Beauty seems immortal, man’s life but a day,
High on the uplands where the skiers climb
Silence of the infinite holds eternal sway.

Unto the ancient hills in the ages gone,
Men e’er turned for wisdom, lifted tired eyes, 
High o’er the silent hills, watching for the dawn
Saw some dreadful portent sweep across the skies.

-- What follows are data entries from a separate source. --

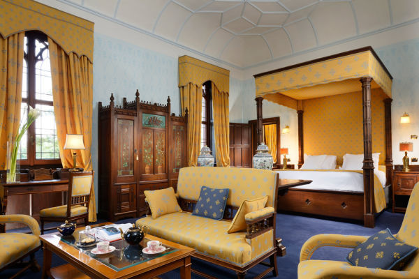 SUITE SUPERIOR 3 PERSONE : Suite adatta ad ospitare 3 persone, di circa 63 mq, spaziosa e confortevole, dispone di una terrazza privata con vista sul Castello e sul suo parco. Occupa un edificio separato nel parco del Castello, a circa 250 metri dall'edificio principale, ed è arricchita da mobili d'epoca in stile Tudor. Dispone di minibar fornito di snack dolci e salati e una scrivania da lavoro. I pavimenti sono in legno o in moquette e le lenzuola in puro cotone, mentre il bagno in marmo è completo di accappatoi e set di cortesia.
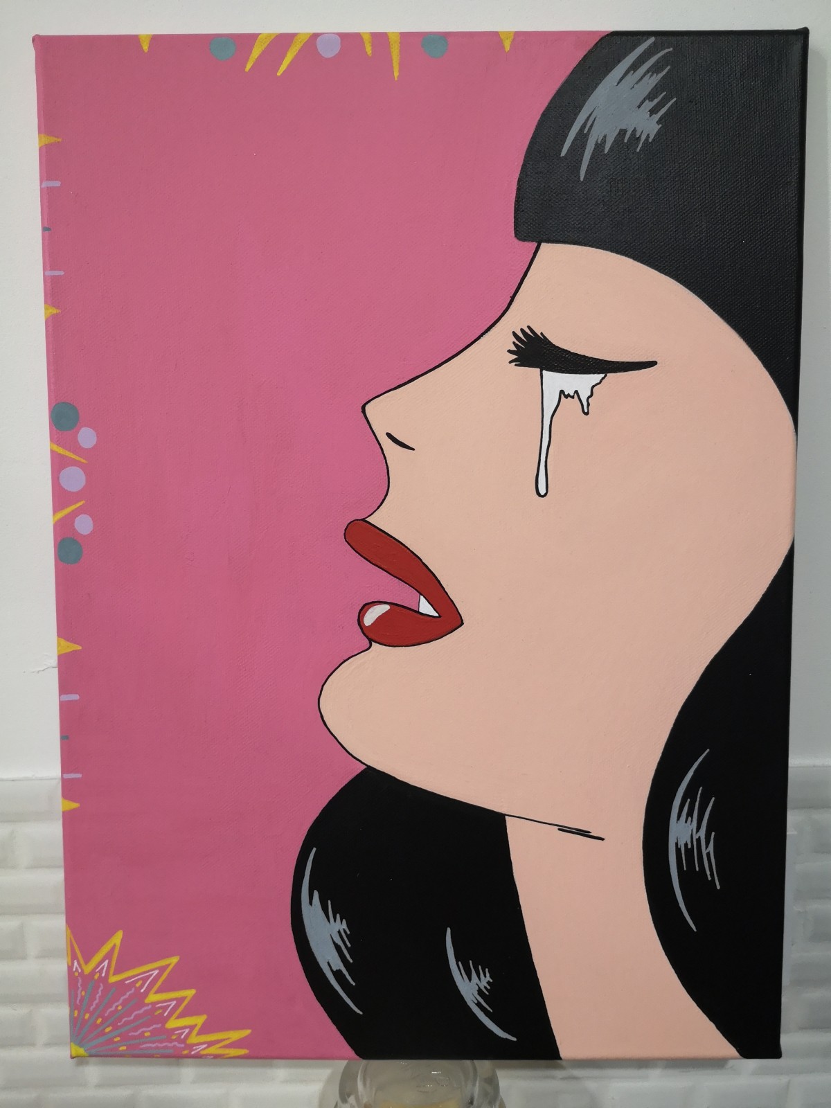 Acrylic paint. A 23-year-old student and employee in a large food store, I started painting two months ago to escape this anxiety-provoking period. I'm not a professional, I'm self-taught and use myself as a role model. I wish to sell my works to finance a 6 months trip on three continents, September 2021, to see for myself the current chance we have to marvel at some landscapes that tomorrow will disappear for climatic reasons. This is my third painting, the first one in pop art style. The difficulty, its title refers to a subjective interpretation which could be, in my opinion, the difficulty of advancing as a woman in this world. The sadness that will give us the strength to move forward, in my case and that of many other students, not to sink into depression in the face of isolation.
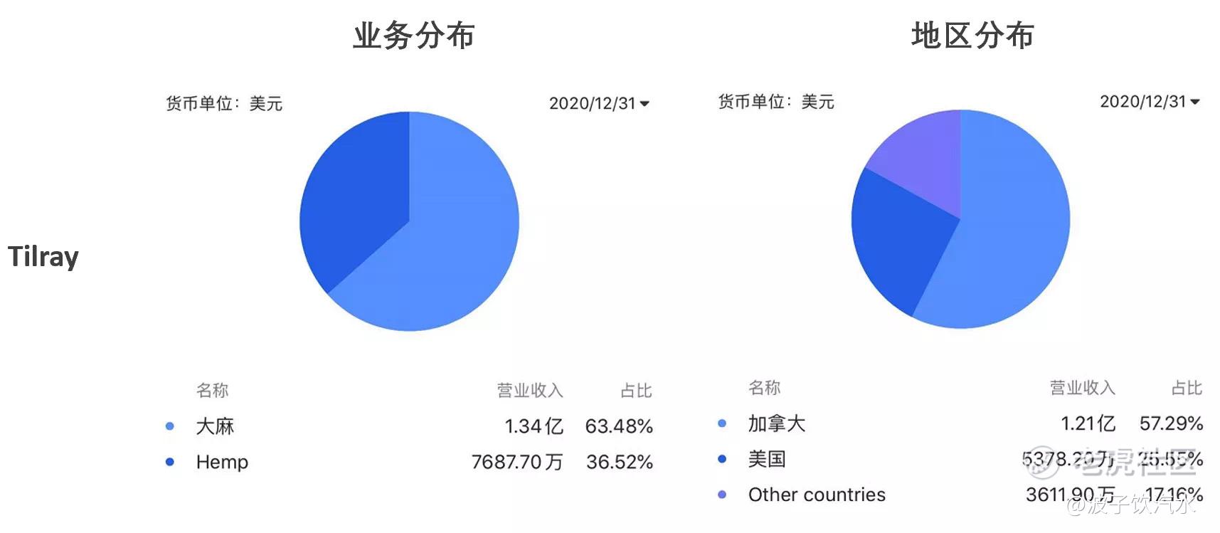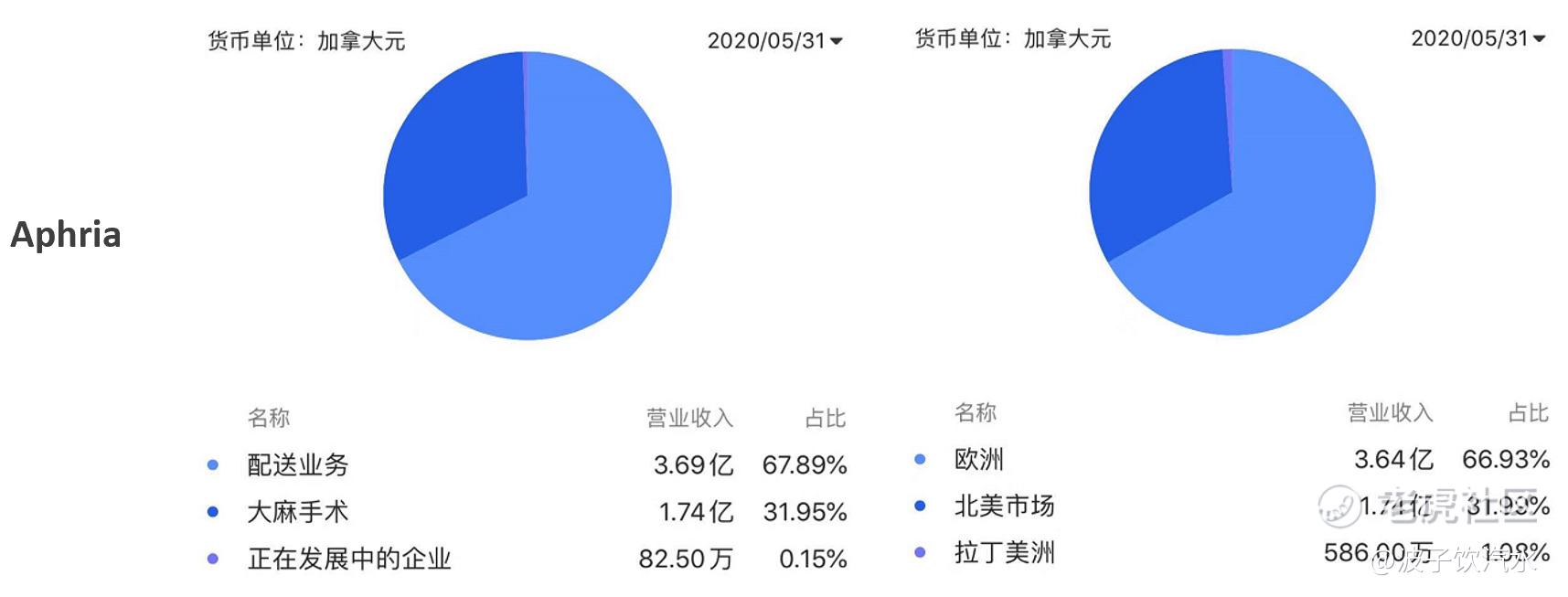 就营收规模来说,Aphria规模最大,约5亿,市场以欧洲为主,北美约三成。Tilray约2亿,加拿大市场占超过五成,另外有1/4的业务在美国。

Here in the ancient hills where the snows lie deep
Spirit of the universe bids the earth be glad;
Here in the olden hills mounded white in sleep
Eager leaps the heart exultant as a lad. [page 25]

AT THE EVENTIDE

A mocking bird in the Lilac tree
Warbles and trills notes leisurely
And the sun goes down in a fiery sea
               At eventide.

A bat wings by haphazardly
Sunlight touches the Poplars three
As the last rays rocket slantingly
               At eventide.

A warm wind rustles hushingly
Blowing the breath from the Lilac tree
And the shadows deepen somberly
               At eventide.

The night comes walking silently
The Moon in raiment silvery
And a Hermit Thrush flutes hauntingly
               At eventide. [page 26]

O SUN OF MARCH SO SPLENDID

O sun of March so splendid 
Gliding with rhythmic ease
Across the snows high drifted,
Swift shod with golden skis;
Superb you crest the hill-tops
To plunge the valleys through,
Sweep down the deep abysses
Which once the eagles knew,
Climb high the white uplands
Where mortal skiers go,
Your passage breaks no silence
No track print mars the snow;
You travel on unhindered,
No distance bars the way.
Your lodge the far horizon
Your journey but a day. [page 27]

THE CANADIAN CONFEDERATION
Written on the occasion of the Diamond Jubilee, 1927.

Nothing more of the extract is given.